Lambert-Eaton Myasthenic Syndrome (LEMS) Clinical Presentation
- Author: David E Stickler, MD; Chief Editor: Nicholas Lorenzo, MD, MHA, CPE more...
Symptoms of Lambert-Eaton myasthenic syndrome (LEMS) usually begin insidiously and progress slowly. Many patients have symptoms for months or years before the diagnosis is made. Weakness is the major symptom. Weak muscles may ache and are occasionally tender. Proximal muscles are more affected than distal muscles; lower extremity muscles are affected predominantly. Patients typically have difficulty rising from a chair, climbing stairs, and walking.
Increased temperatures from fever or the environment may worsen the weakness. Patients may experience transient worsening after hot baths and showers or during systemic illnesses.
The oropharyngeal and ocular muscles are mildly affected in about one quarter of cases of LEMS, with symptoms that may include ptosis, diplopia, and dysarthria, but they are usually not affected to the same extent or severity as in myasthenia gravis (MG). Differentiation between the 2 diseases may be difficult.
A study examining the localization of the initial muscle weakness and at the time of maximum severity in MG and LEMS patients found that patients with MG had initial muscle weakness involving the extraocular muscles (59%) and bulbar muscles (29%). Conversely, LEMS patients never presented initially with ocular weakness; 5% presented with bulbar weakness, and 95% presented with limb weakness. In fact, almost all LEMS patients with oculobulbar or proximal upper extremity weakness also have proximal lower extremity weakness.
In contrast, a significant portion of patients with MG never progress past weakness in the extraocular muscles.

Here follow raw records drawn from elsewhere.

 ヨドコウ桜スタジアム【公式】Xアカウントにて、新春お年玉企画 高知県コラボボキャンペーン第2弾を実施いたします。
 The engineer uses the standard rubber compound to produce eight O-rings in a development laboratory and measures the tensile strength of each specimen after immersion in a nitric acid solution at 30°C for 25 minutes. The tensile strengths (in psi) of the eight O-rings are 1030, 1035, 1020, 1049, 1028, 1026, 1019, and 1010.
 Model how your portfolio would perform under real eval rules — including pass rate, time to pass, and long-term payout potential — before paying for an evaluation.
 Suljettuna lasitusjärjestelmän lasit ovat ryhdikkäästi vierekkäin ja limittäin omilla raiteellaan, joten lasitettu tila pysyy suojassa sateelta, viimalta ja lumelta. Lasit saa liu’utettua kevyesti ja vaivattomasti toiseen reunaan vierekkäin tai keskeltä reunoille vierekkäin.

At the point of maximum weakness, 25% of patients with MG had purely ocular involvement, and there were no patients with LEMS who had only ocular involvement.

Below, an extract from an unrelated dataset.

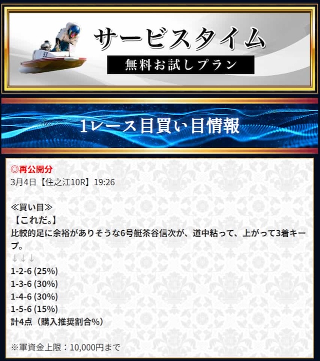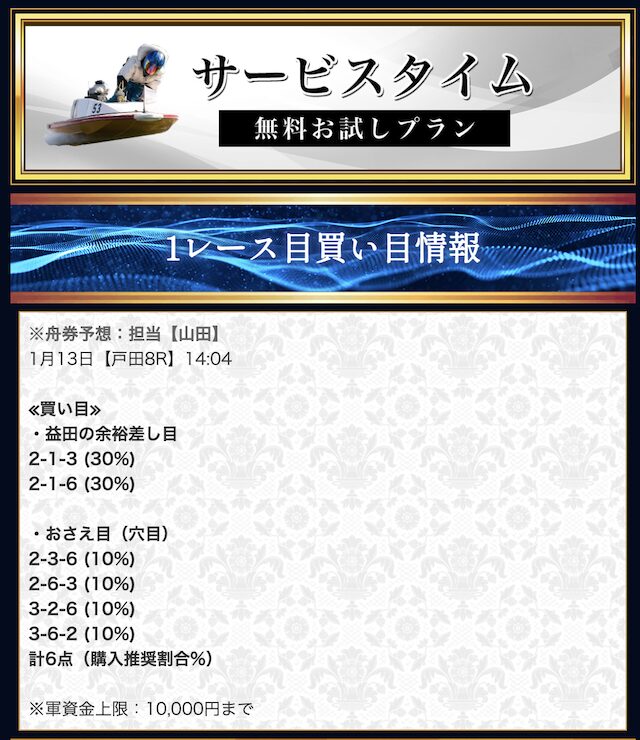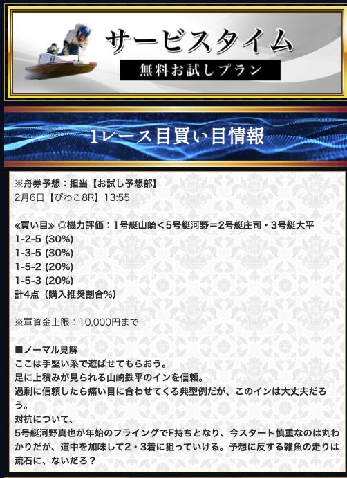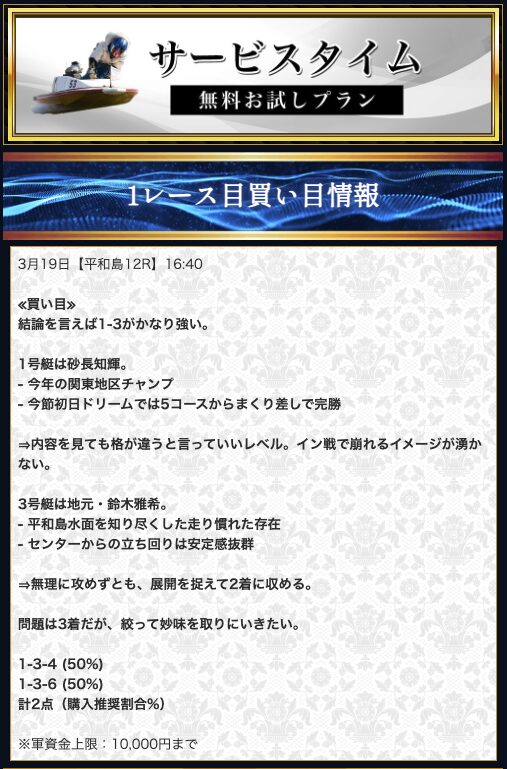無料予想で平均4万円の払戻実績があることを考えれば、段階的に資金を作ってから有料に挑戦するという戦略が最も現実的。

Respiratory muscles are not usually affected. When respiratory muscle function often is involved, the involvement is usually not as severe as with MG. However, rare cases of severe respiratory compromise or respiratory failure have been reported in patients with LEMS. Acute respiratory compromise is the most significant complication of LEMS and the only one that is relevant in the emergency setting. It is usually of iatrogenic origin.
Most patients have a dry mouth, which frequently precedes other symptoms of LEMS. (Many do not mention this unless specifically questioned.) Many patients report an unpleasant metallic taste. Some patients have other manifestations of autonomic dysfunction, including impotence in males and postural hypotension.

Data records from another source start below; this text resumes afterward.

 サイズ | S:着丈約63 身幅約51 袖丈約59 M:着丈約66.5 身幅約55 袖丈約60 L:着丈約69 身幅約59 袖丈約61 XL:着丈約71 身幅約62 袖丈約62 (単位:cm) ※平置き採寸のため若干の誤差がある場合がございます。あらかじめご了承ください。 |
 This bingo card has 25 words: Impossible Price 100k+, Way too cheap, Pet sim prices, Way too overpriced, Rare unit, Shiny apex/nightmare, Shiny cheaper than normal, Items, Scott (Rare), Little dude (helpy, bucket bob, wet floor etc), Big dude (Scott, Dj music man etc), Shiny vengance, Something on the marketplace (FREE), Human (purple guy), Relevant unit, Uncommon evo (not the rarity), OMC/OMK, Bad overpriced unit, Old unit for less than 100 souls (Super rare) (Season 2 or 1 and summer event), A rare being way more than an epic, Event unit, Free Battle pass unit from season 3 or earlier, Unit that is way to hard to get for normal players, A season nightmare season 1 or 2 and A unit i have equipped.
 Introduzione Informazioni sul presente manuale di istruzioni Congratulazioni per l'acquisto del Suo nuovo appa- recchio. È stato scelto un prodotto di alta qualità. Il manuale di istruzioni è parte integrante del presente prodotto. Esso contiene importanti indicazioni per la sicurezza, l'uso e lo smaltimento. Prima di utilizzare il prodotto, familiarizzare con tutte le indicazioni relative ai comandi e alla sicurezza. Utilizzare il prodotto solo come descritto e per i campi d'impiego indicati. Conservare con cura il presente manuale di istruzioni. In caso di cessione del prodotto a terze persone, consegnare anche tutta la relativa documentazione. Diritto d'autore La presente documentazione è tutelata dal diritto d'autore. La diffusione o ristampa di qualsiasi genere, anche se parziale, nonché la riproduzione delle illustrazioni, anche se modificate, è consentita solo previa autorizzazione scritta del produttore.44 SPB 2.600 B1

LEMS may be discovered first when prolonged paralysis follows the use of neuromuscular blocking agents during surgery.
Exacerbation of weakness has been described after administration of aminoglycoside or fluoroquinolone antibiotics, magnesium, calcium channel blockers, and iodinated intravenous contrast agents.
Cancer and LEMS
Cancer is present or subsequently discovered in 50-70% of patients with LEMS. In the case of lung cancer, the clinical symptoms of LEMS may precede detection of the underlying disease. Symptoms of the underlying cancer, as well as the “B” symptoms of cancer, may be present.
Smoking and age at onset are major risk factors for cancer in patients with LEMS. Duration of symptoms is also a factor. If a tumor is not found within the first 2 years after symptom onset, cancer is unlikely. For example, a patient younger than 50 years at onset who does not have a tumor discovered after 2 years of close follow-up is unlikely to have an underlying cancer. On the other hand, a long-term smoker with LEMS onset after age 50 years probably has underlying lung cancer.
Strength is usually reduced in proximal muscles of the legs and arms, producing a waddling gait and difficulty elevating the arms. The degree of weakness is usually mild, compared with that reported by the patient. Sensory examination is normal unless a coincident peripheral neuropathy is present, which is not uncommon in patients with underlying cancer.
Some degree of eyelid ptosis or diplopia, usually mild, is found in 25% of patients. Occasionally, difficulty chewing, dysphagia, or dysarthria is present. Most patients have a dry mouth, eyes, or skin. Constipation, urinary retention, pupillary constriction, sweating, postural hypotension, or respiratory muscle weakness may be present. Clinical manifestations of underlying malignancy (eg, cachexia) may be present. Fasciculations, common in diseases of the anterior horn cell, such as amyotrophic lateral sclerosis (ALS), are absent.
In some patients, strength may improve after exercise and then weaken as activity is sustained. This phenomenon is demonstrable in approximately half of all patients with LEMS. It can also occur in the proximal muscles of patients with MG; however, repeated testing of many separate muscle groups may differentiate the 2 diseases.
Reflexes usually are reduced or absent in LEMS. They can frequently be provoked or increased by having the patient actively contract the muscle group in question for 10 seconds prior to reflex testing or by repeatedly tapping the muscles. An increase in reflex activity after contraction is a hallmark of LEMS.